In the western chamber, two skeletons were found on the floor, one in the south west corner of the room This body was of a 28-year-old female. She could have been a high priestess of some sort.

The other skeleton was that of a male, he was aged in his late thirties, and 183 cm (6 ft.) tall, and powerfully built, he was lying on his back with his hands covering his face, as if to protect it. The tall man had a ring made of iron and silver on the little finger of his left hand and on his wrist was an engraved seal of “exceptional artistic merit”, this would have obviously been very valuable. His legs were broken and his body was found near the centre of the room next to a platform, at the base of the platform was a trough.
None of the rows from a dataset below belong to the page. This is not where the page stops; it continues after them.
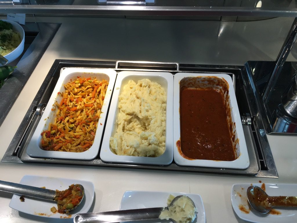 Lufthansa typisch gab es ein kaltes Buffet mit verschiedenen Salaten, Wurst und Käse, sowie verschieden Brötchen und Broten. Auch drei warme Optionen standen auf dem Buffet bereit. Zum Dessert gab es eine Créme und Berliner. Das Angebot an Speisen war hiermit recht überschaubar, allerdings ausreichend.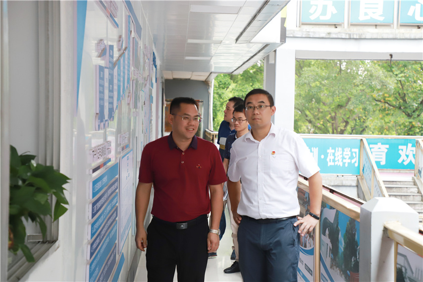 ▲團市委副書記張揚(右一)參觀育才辦學(xué)環(huán)境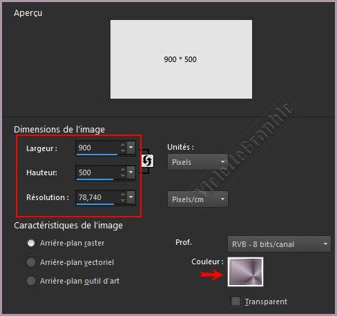 - Fichier/Nouvelle image 900 x 500 pixels et choisissez immédiatement le dégradé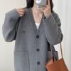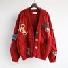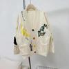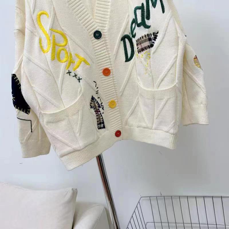 Hongtai Otoño e Invierno Nuevo Estilo Coreano Tejido Suelto Chaqueta de Mujer Pesado Bordado Colorido Moda Cuello en V Suéter de Longitud Media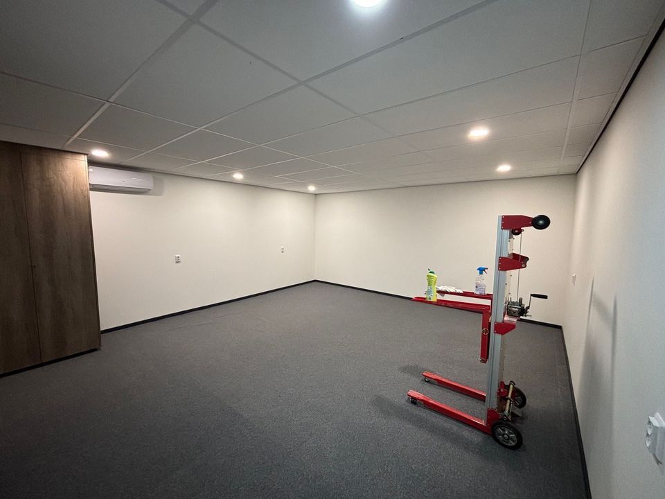 De kantoorruimte beschikt over één parkeerplaats voor de loopdeur. De parkeerplaats voor de overhead-deur kan gebruikt worden in overleg met de gebruiker van de begane grond.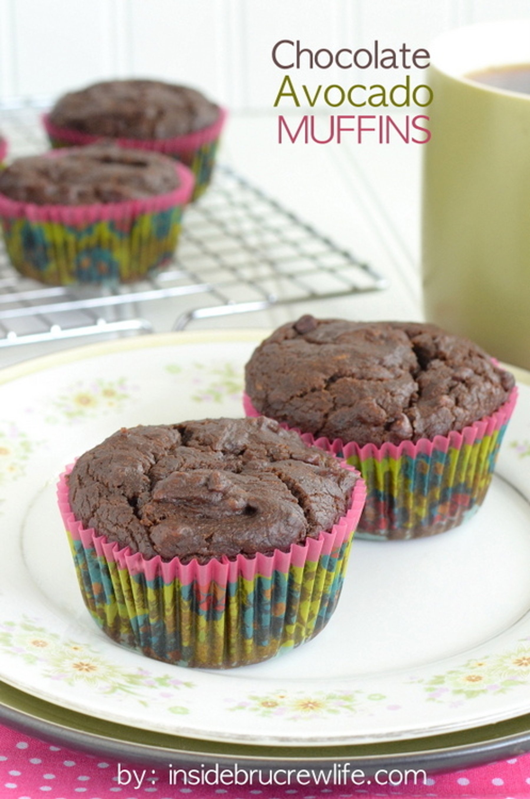 Chocolate muffins get healthy with avocados, applesauce, yogurt, and coconut oil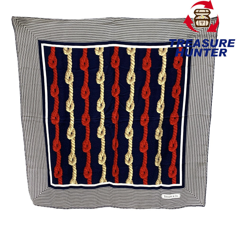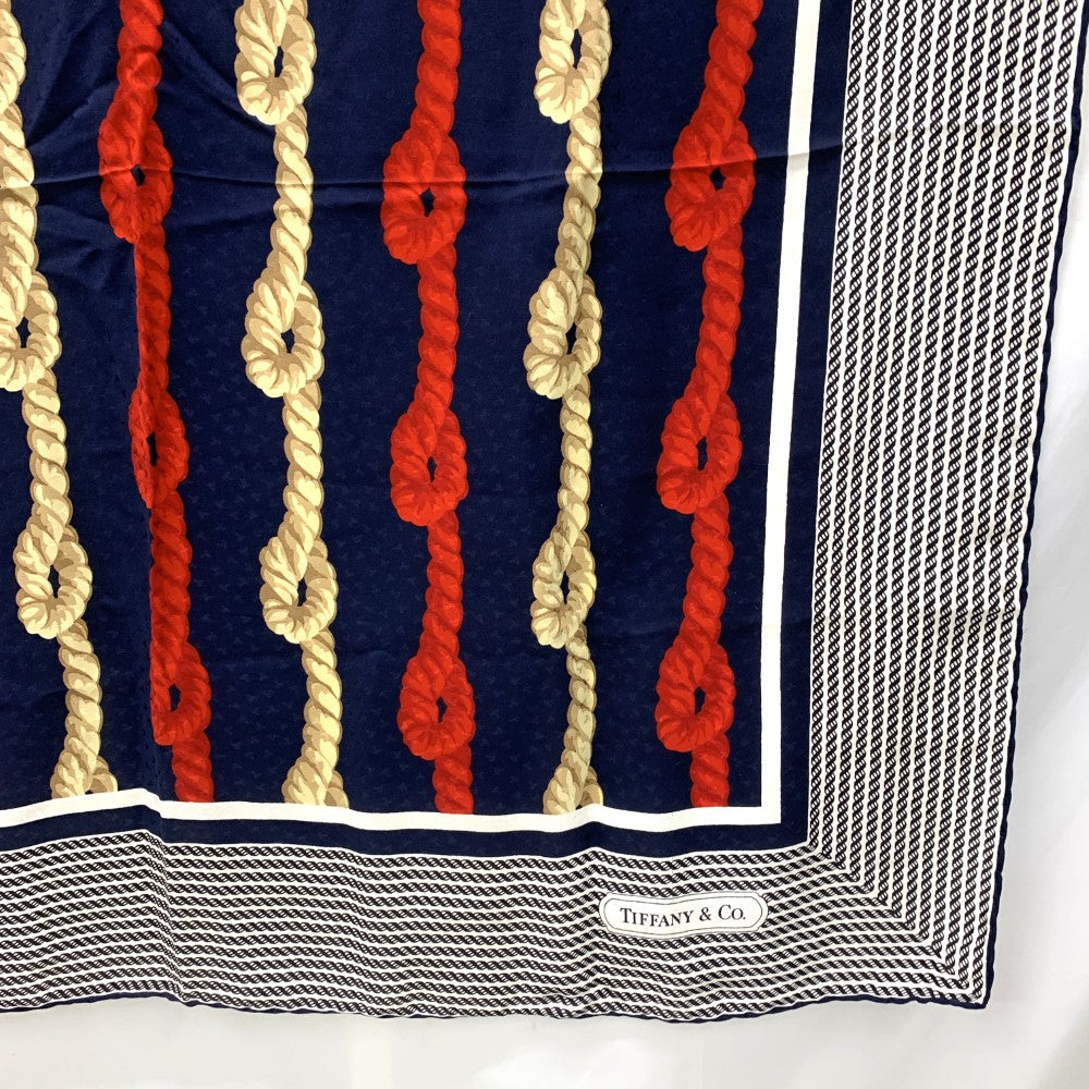 TIFFANY&Co.(ティファニー) ロープ&ダンシングT スカーフ シルク100% ネイビー×レッド×ブラウン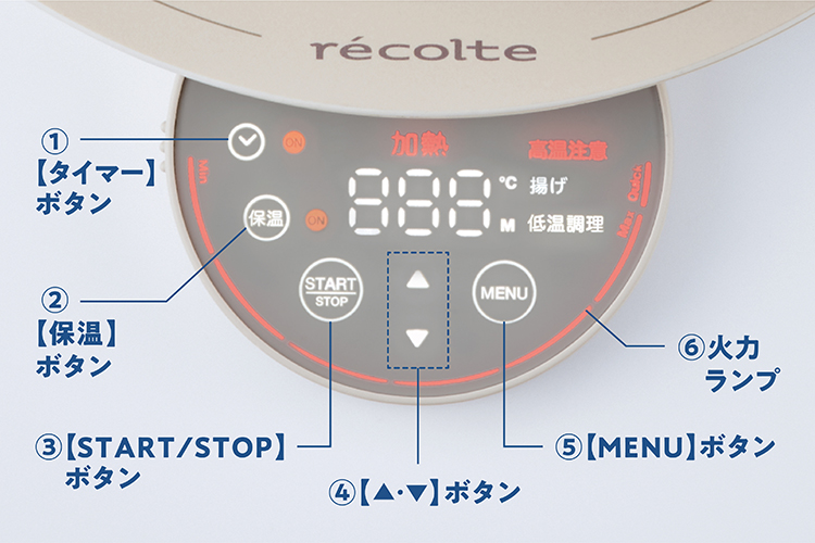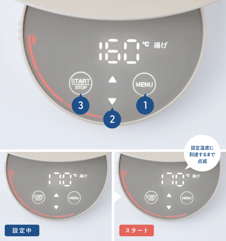 【MENU】ボタンを押して【揚げ】を選びます。【▲・▼】ボタンを押して温度を設定し、【START/STOP】ボタンを押して調理を開始します。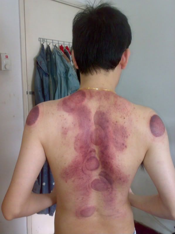以前只有跌倒受伤,跌打师帮我拔罐,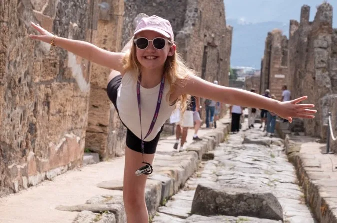 En una parada en una cafetería de carretera cerca de Roma, me sirven un espresso diminuto—no sé si es la cafeína o la emoción, pero me despierta al instante. Cuando llegamos a Pompeya, Francesca, nuestra guía que creció cerca, ya nos cuenta anécdotas de sus excursiones escolares. El aire huele a polvo dulce, como piedra antigua calentándose al sol. Al caminar por esas calles milenarias, viendo las marcas de los carros en las piedras, no podía dejar de pensar en lo extraño que es que aquí la gente vivía su día a día hasta que todo se detuvo. Francesca señaló unos grafitis en una pared (“¡Lárgate, plaga!”) y traté de imaginar quién lo habría escrito. Difícil de imaginar, pero a la vez no tanto.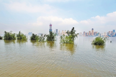 武漢,江灘上的大樹只露出樹梢。

On top of the platform another body was found. This was a body of an 18-year-old male; he was found in the foetal position, lying on his right side. His legs were forced back so that his heels were almost touching his thigh, indicating that they were tied there. Amongst the bones was found an ornately engraved knife, it was 40 cm (16 in.) long and weighing more than 400g (14 oz.). Each side of the blade had an incised rendering of an animal head, the snout and tusks of a boar, ears like butterfly wings and slanted eyes like a fox.

=== Debate over human sacrifice ===
Although many still believe that there is substantial evidence for the site being used for the sacrificing of humans, some archaeologists follow the thinking of Dennis Hughes, who points out that the "knife" is actually much more like an ornate spear head that probably fell from the shelves above onto the body, and that there is no evidence at all for the platform that he lies on being an altar.